Melanie Renee Pearson-Simmons-Davis-Davis-Foster-Jenkins aka My Mommy!

So I had a very disturbing dream about my mother last night. I have come to the conclusion that dreams can serve many purposes...they can be sorta self-fulfilling prophesies ( i.e I once had a dream about making out in a bathroom and later that week in fact had some shower action or once I had a wierd dream about Foley's dad and I saw him the next day at the Dental school, coincidence, I think not!) or can be a revelation of your subconscious needs, desires, or aggravations (i.e. I have caused lots of harm to annoying boys in my dreams, and this mother dream of mine also falls under this category). So my mother (her maiden name is Pearson..she's been married only, (and I use the word only sarcastically, 5 times..she's on number 5)
So anyway, my mom hasn't attempted to contact me in like 6 weeks. And the last time she contacted me it was to ask me to watch my little sister Mariah for 2 weeks while she went to California for my sister Nova's labor and delivery....sidenote 1 day before this call I had called Nova to tell her that I would fly into Cali for the delivery room stuff as sorta of my last trip before moving to Chicago....draw whatever conclusions you want from that...so anyway I dont even know if my mother is aware that I am now in podunk Ohio or if she finally remembers what exactly it is I am graduating for...
So I had a bad day yesterday for no reason in particular except that Nate sent me this odd email saying "sorry i got so crazy. you were obviously right. we weren't working anymore. i should have been able to see that then. i hope you are less stressed, i know i am. i feel bad about how i treated you, but i have good memories too. i hope you get evrything you want, say hi to your dad for me. ciao bella n."

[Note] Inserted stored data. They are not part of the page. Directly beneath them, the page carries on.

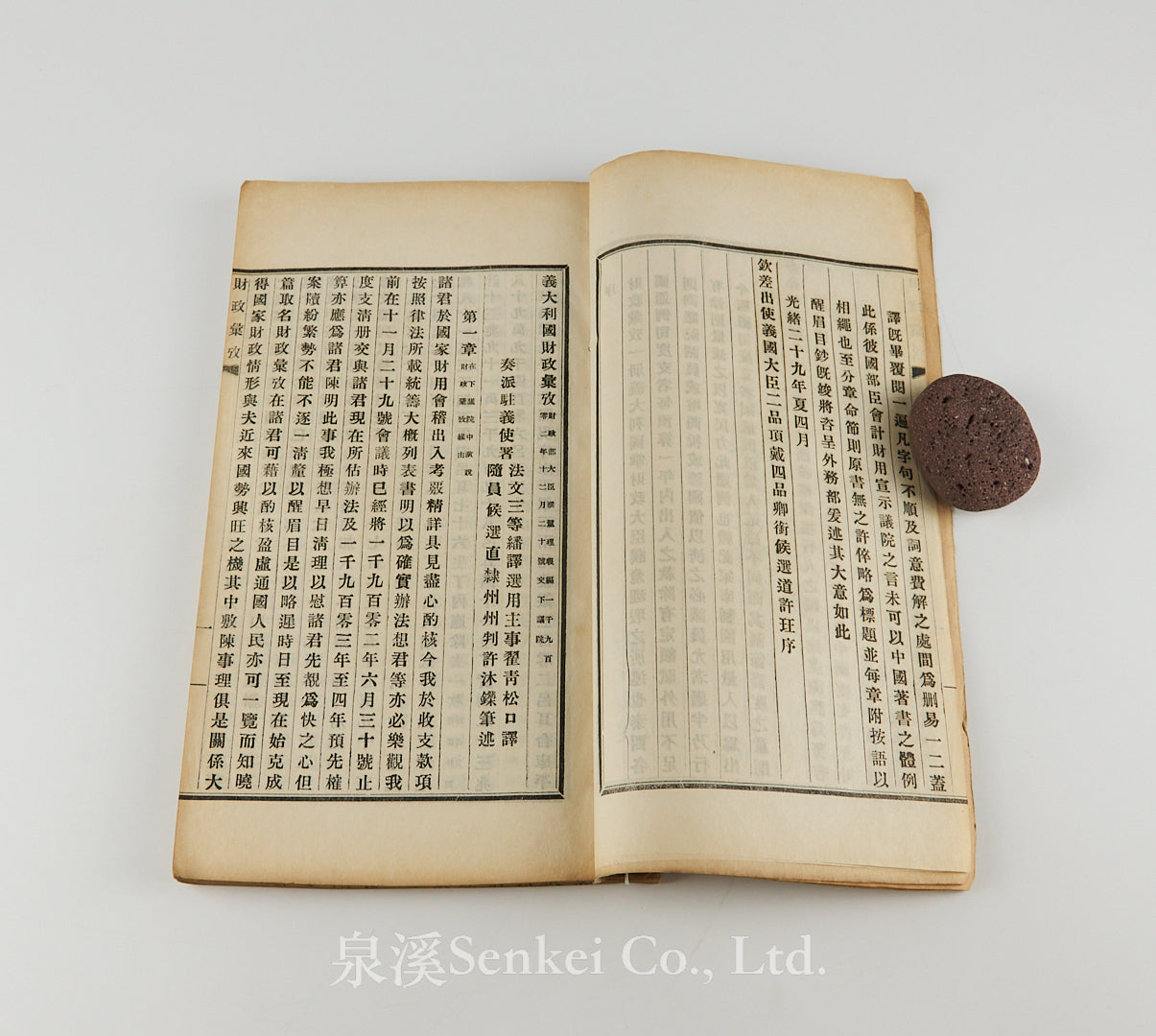 Yidali Caizheng Kao 義大利財政彙考 [A Study of Italian Public Finance] | Yidali Quanyan Zhilue 義大利權煙志略 [An Outline of the Italian State Tobacco Monopoly, with appended tables of official tobacco prices] 駐義使署, 1905, Qing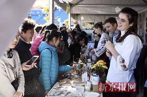 在现场,各国使馆展台上的特色物品琳琅满目,南非的博士茶、芬兰的帽子、朝鲜的泡菜、俄罗斯的民族工艺品……应有尽有。一些展台为吸引游客,穿着本民族的服饰进行即兴表演。许多展台为方便游客付款,贴出来微信和支付宝的二维码。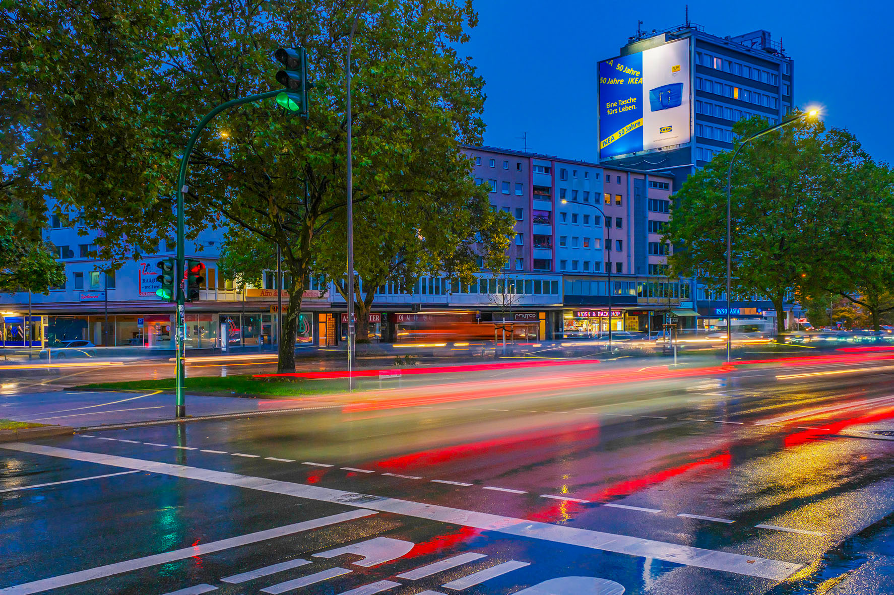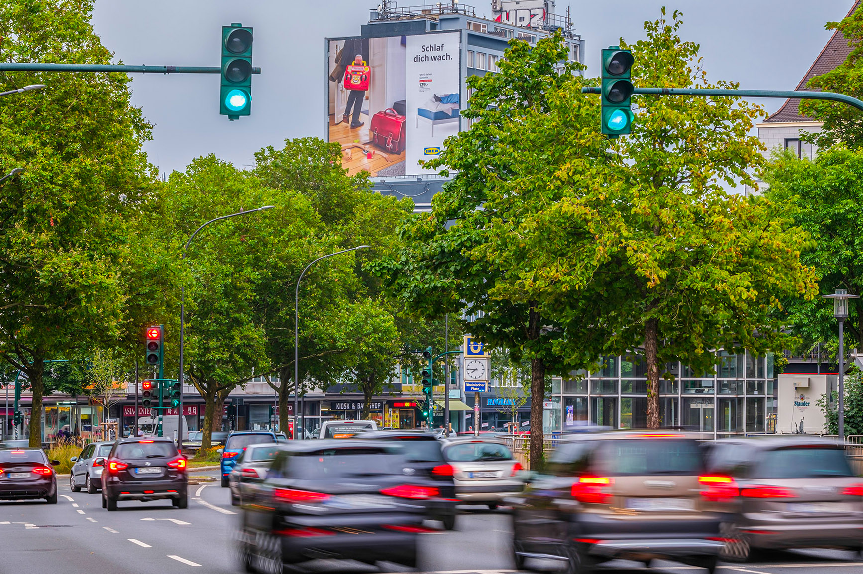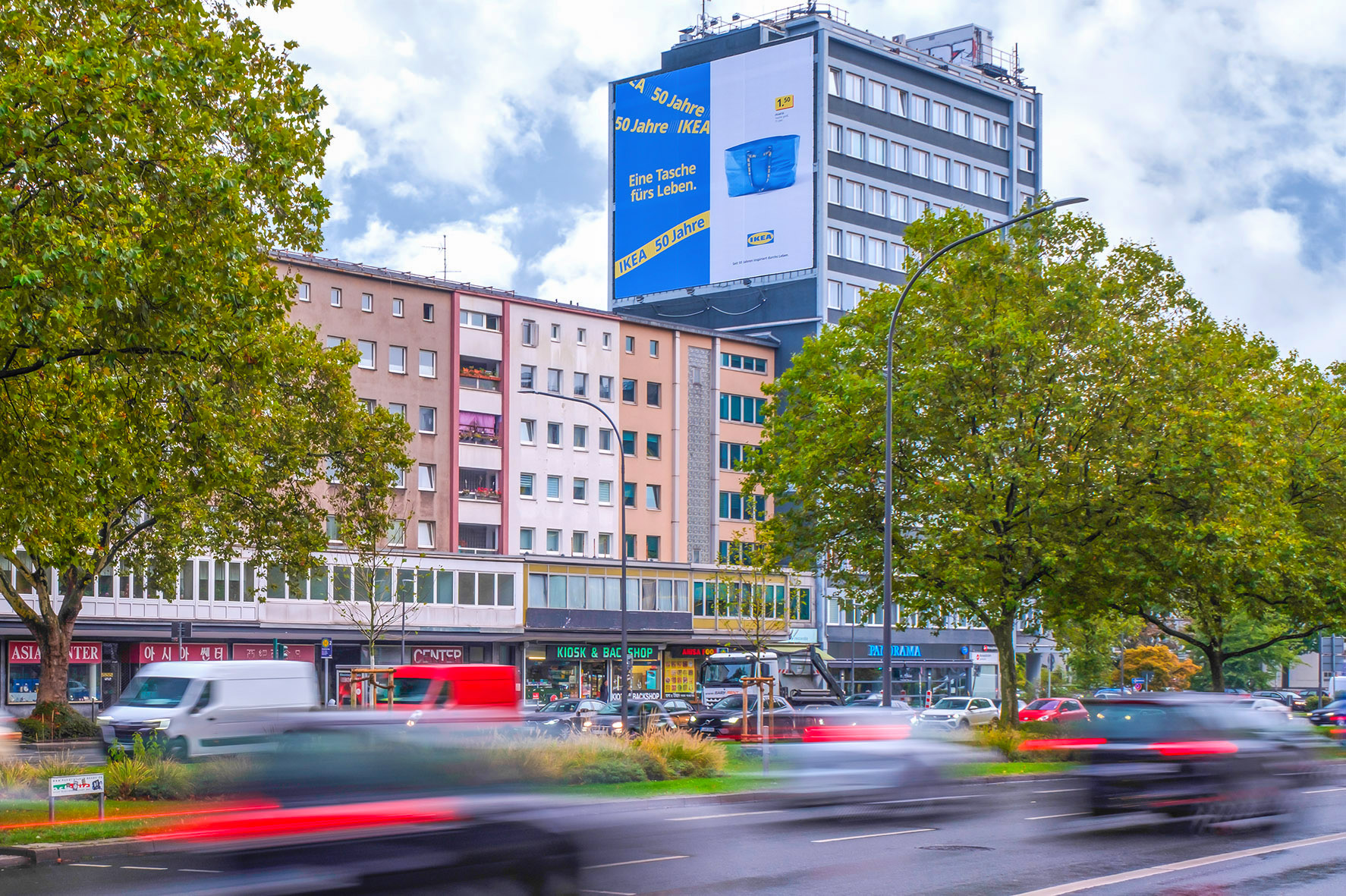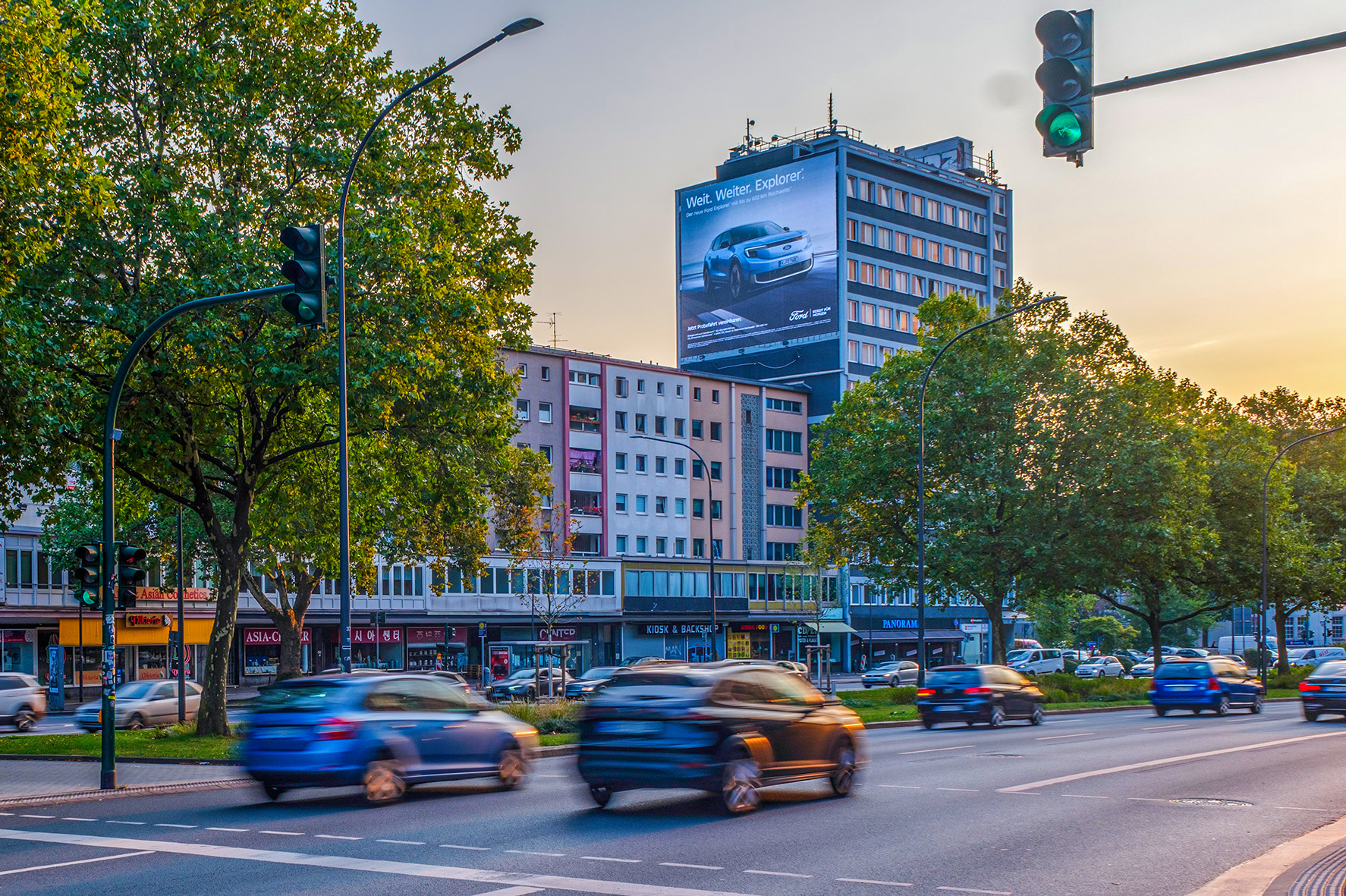 Landscape location in the city centre of Essen. Located on the key city centre traffic route, resulting in very high traffic volume. Directly across from the Viehofer Platz. Public transport stops in the immediate vicinity. Nearby: Numerous cafés, restaurants, bars, discos and the pedestrian zone with many businesses and chain outlets.

Like what am I to do with this sort of information. I think that girls with normal relationships with their mother would call them and the mom would say "he's one crazy bastard...you will sooo do better" etc etc...but my mother is so selfish that the conversation would go more like " yeah I had this husband once who didnt appreciate me til I was gone." and I would be left thinking "when did we switch to talking about you."

Anyway the point is, that the fact that my mother has made no effort to contact me must bother me more than I like to admit. I mean my stepdad (technically ex-stepdad 5 times removed) has called me twice, I talk to my dad every week, I talk to shannon and elizabeth 4 times a week and no mom.

So in my dream, my mom runs off with my boyfriend. It was a boyfriend that I must have made up because I didnt recognize his face but he was a cutie. They ended up driving off leaving me crying on a bench. I woke up at like 7:30 this morning actually crying and it the worst mood ever. I felt physically ill and just depressed over it. I coudlnt stop crying.It was insane. So I went to breakfast. Listened to all my favorite cd's. Did some homework. And went on a shopping spree. Now that's it's been a good 14 hours and $300 (that includes the 2 new pairs of shoes!) since the dream from hell, I feel a little better. I have decided that my mom is the one who is missing out, because I'm getting ready to do some pretty fabulous things that she has no idea about.....oh yeah I got three job offers and more interviews to go on, including a tour of a possible apartment building in Lakeview....I guess if I had popped out a baby when I was 18 she would be more interested.